When heated, the filament naturally stretches and, as a result, may sag against some other electrode within the tube.

Most filamentary tubes have a specified mounting position which is usually base down. This provides maximum assurance that filament sagging will not cause a short.

Certain rectifier tubes may be horizontally mounted if the planes of the filaments and the major axis of the plates are so oriented that they lie vertically. There is a standard relationship between the plane of the tube elements and the base so that mounting specifications may read as, for example, in the case of the 5U4G, "horizontal operation is permissible if pins 1 and 4 are in a vertical plane." Due to differences in manufacturing techniques, the actual position of the mount with reference to the base pins may vary considerably among manufacturers. The tolerance on this specification is quite broad and in some cases, it will be found that the tubes are mounted in such a position that their filaments can sag against the plates, causing pre mature arcing and early failures. Where large numbers of tubes are involved, it may pay the user to orient the sockets so that they coincide with the construction of some one manufacturer's tubes and then to insist on using only that brand, or tubes which are physically identical to them, in that equipment. A real improvement in life will result if this precaution is taken.
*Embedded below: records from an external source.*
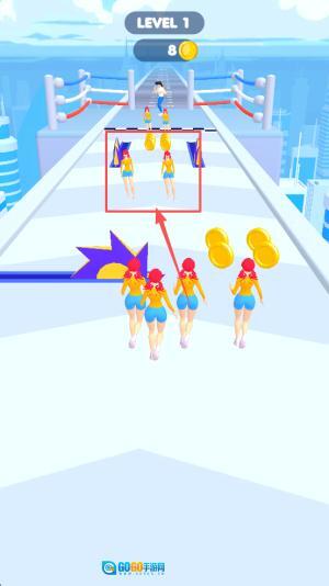 1、玩法团队跑酷闯关:召集众多小姐姐组建跑酷队伍,沿着不同路线前进并整合团队成员,一同冲向终点,每次团队壮大都能带来满满的成就感。
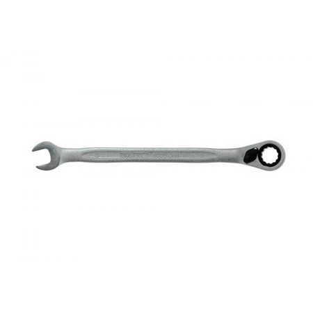 Ze stali chromowo-wanadowej. Klucz na jednym końcu wykonany jako oczkowy wygięty, a na drugim jako oczkowy 12-kątny, zapadkowy. Funkcja zapadkowa z przełączanym kierunkiem pracy prawo-lewo. Główka 12-kątna jest odgięta o 15°. Na obu końcach ten sam rozmiar.
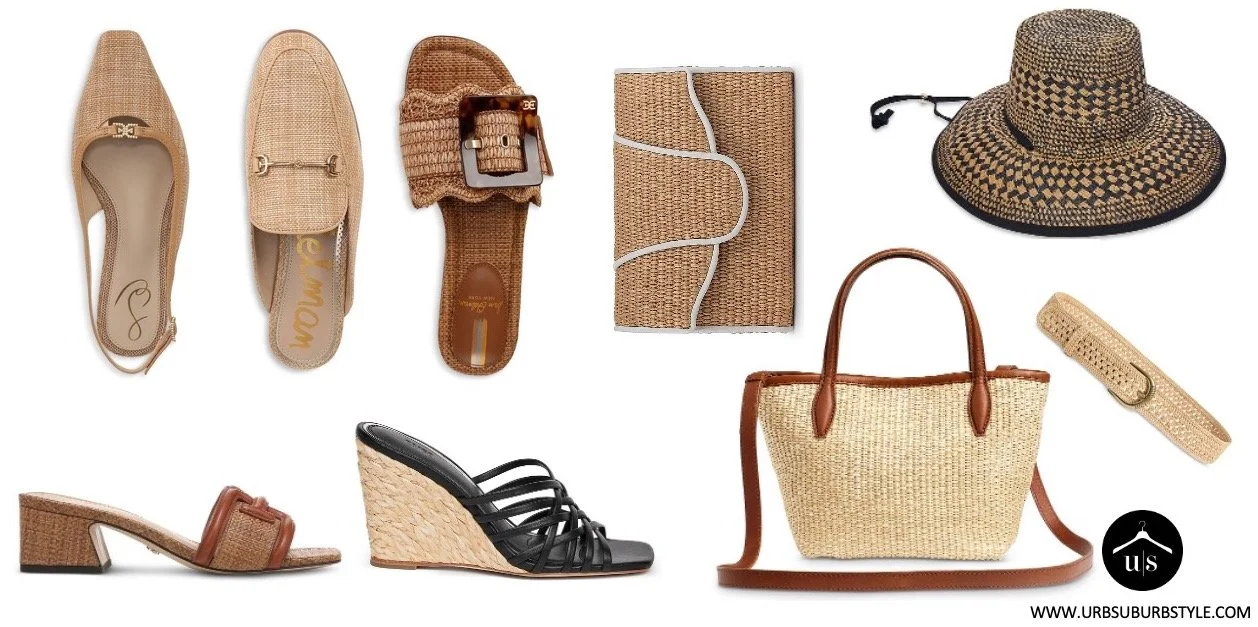 Since raffia is on trend, you’ll find it in a bunch of incarnations. A raffia tote is an ideal poolside and farmer’s market companion – and then switch to a raffia clutch for date night. Raffia sandals, flats and slides are an easy way to shift the same t-shirt and jeans (that you’ve been wearing all spring long) into a summery vibe. Raffia heels and wedges are a no-brainer with most any sundress. And you can always grab a raffia hat or belt to add a little summer flair.
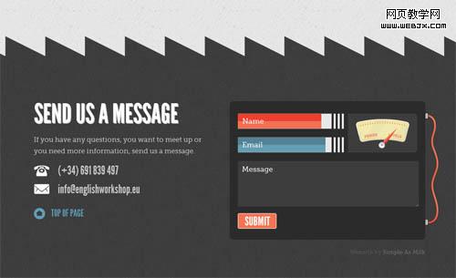那对于“联系我们”页面呢?English Workshop是一个提供英语语言学习机会的组织机构。该网站将提交反馈信息的页面设计成了机器的控制面板样式,以试图它可以更好的贴合“工作坊”的主题。
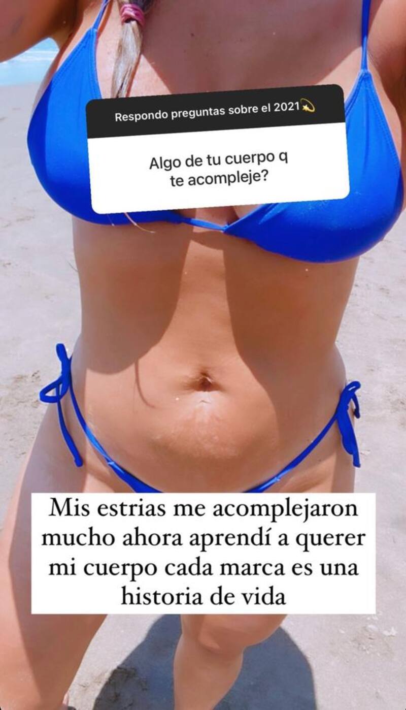 “Mis estrías me acomplejaron mucho ahora. Aprendí a querer mi cuerpo, cada marca es una historia de vida”, afirmó Prieto al compartir una instantánea de su vientre al natural con marcas.
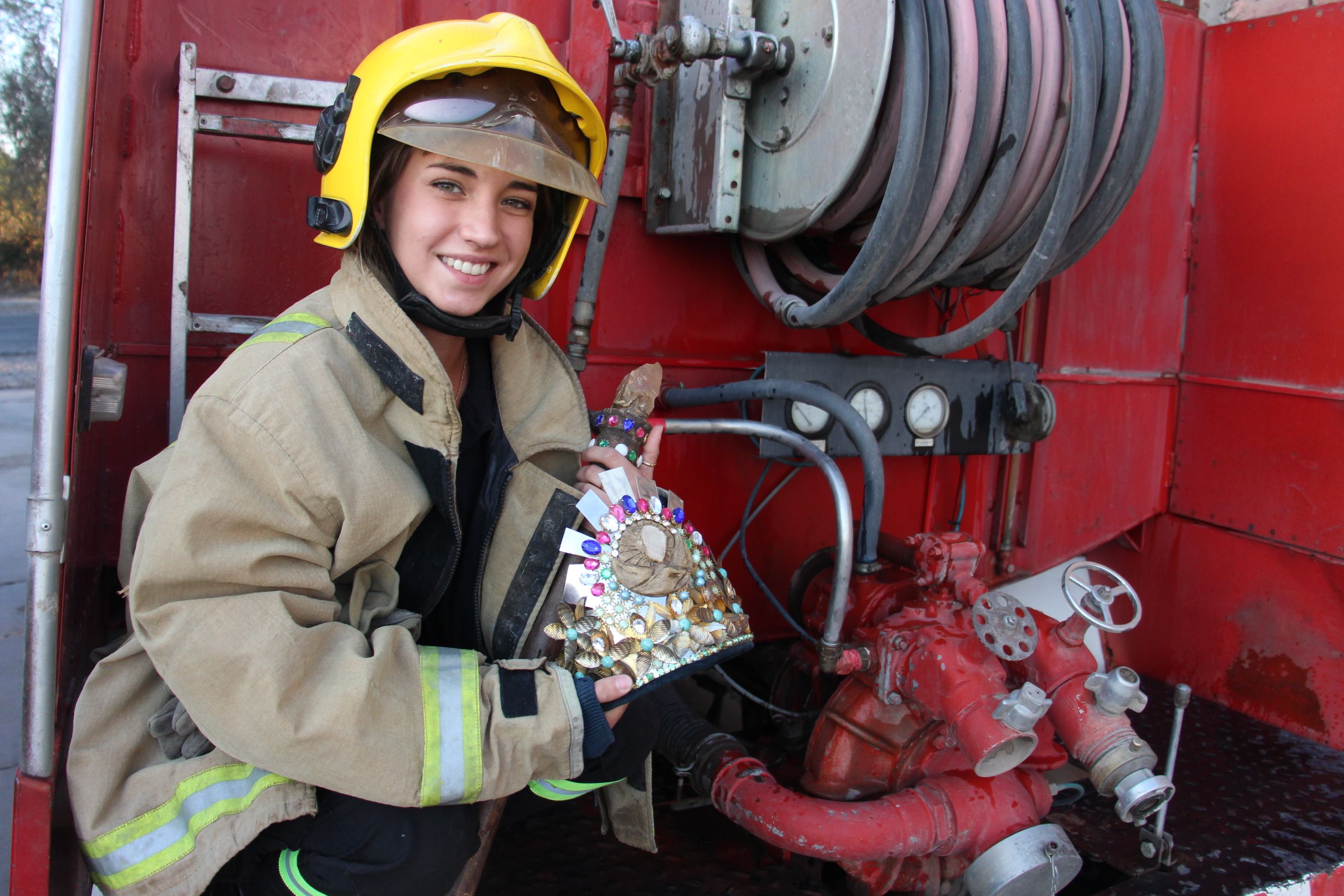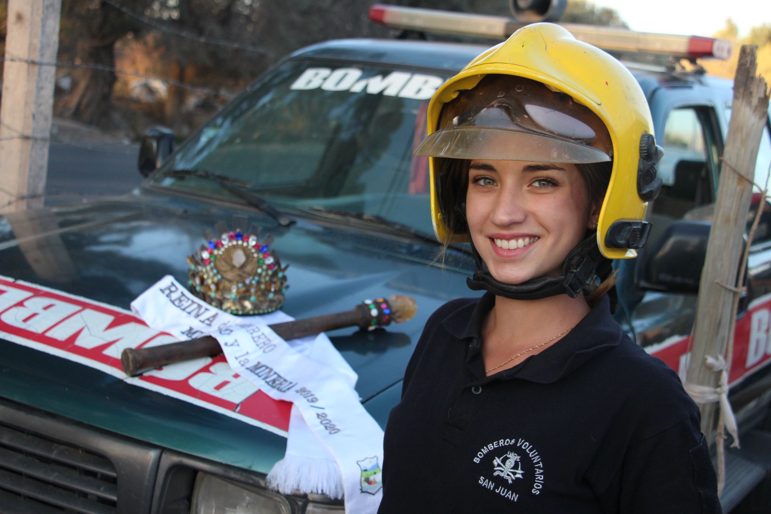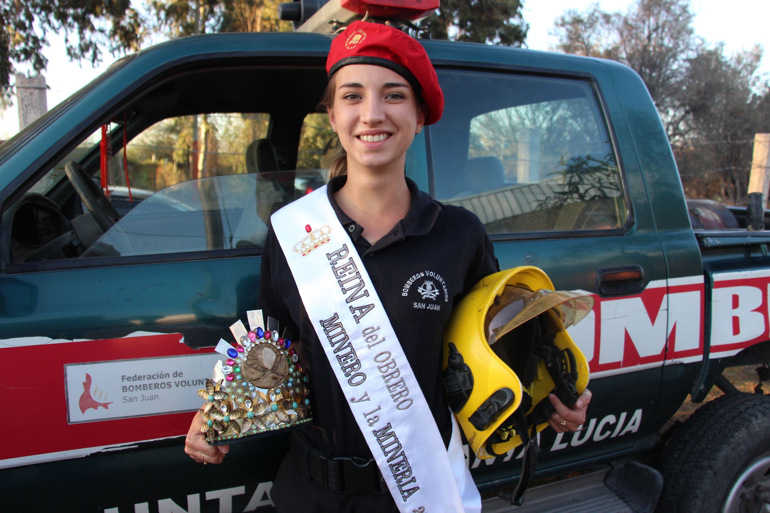 La protagonista de esta historia es Melanie Rondano Giménez (20), actual Reina del Obrero Minero y la Minería, que hace tres meses se sumó al Cuartel de Bomberos Voluntarios de Santa Lucía, formando un combo poco corriente.

Another consideration when using filamentary tubes is the matter of their rapid warm-up time. This can be either an advantage or a disadvantage, depending upon the circumstances. In many applications, such as mobile operations, filamentary tubes permit complete shutdown during standby. This gives them a substantial advantage in power economy and increases their useful life since they can be ready for instant operation without the needless burning of filaments that are not actually in use.

This same feature may give rise to undesirable effects when filamentary tubes are used in conjunction with indirectly-heated tubes. These latter types have a much longer warm-up time; therefore, some circuits may be under full power when they are not fully biased or other wise properly loaded, during this warm-up period. This is a potential cause for other tube failures and it should be suspected wherever filamentary- and indirectly-heated tubes are used in the same equipment.


The new low-voltage tubes which are designed to be used with transistors in hybrid equipment are very much like their higher voltage counterparts in most respects.

However, they differ in two respects that are important to be familiar with if they are to give their best possible service. The first of these has to do with testing or using them in circuits which subject them to more than their 30-volt maximum rating.

Much of the success these tubes enjoy over conventional tubes when operated at the very low anode potential of 12 volts is due to special cathode processing. In other words, they are so activated a very large space charge is produced. This space charge provides the reservoir for the low-velocity electrons which make the relatively remarkable trans-conductances of the tubes possible.

If these tubes are subjected to higher-than-rated anode potentials, even for a few moments, this delicate cathode condition is upset and its capacity to deliver current at low voltages is impaired. This causes a drop in transconductance as well as a shift in other characteristics that are essential to their operation. So, it must be stated quite emphatically that these low-voltage tubes must never be tested or operated at any voltage which exceeds their maximum ratings--usually 30 volts.

One other consideration is important if they are to give maximum satisfaction. Only one type of bias circuit works well with these tubes and, fortunately, it is the cheapest and simplest to achieve from a circuit standpoint. This circuit provides contact potential or grid-leak bias. The grid circuit should be returned to the cathode through a large resistor of several megohms and the cathode should then be grounded.


Most phototubes are of the photoemissive variety; that is, they have a cathode like most other vacuum tubes, only this cathode is not heated to make it give off electrons.

Instead, it is energized by light which passes into the tube and illuminates the cathode. Electrons are released from the cathode when the photons of light energy strike it, each photon releasing one electron. Thus, the electron emission is proportional to the light intensity on the cathode.

In many respects, the phototube behaves very much like a temperature-limited diode, inasmuch as changes in plate voltage have very little effect upon the cathode current.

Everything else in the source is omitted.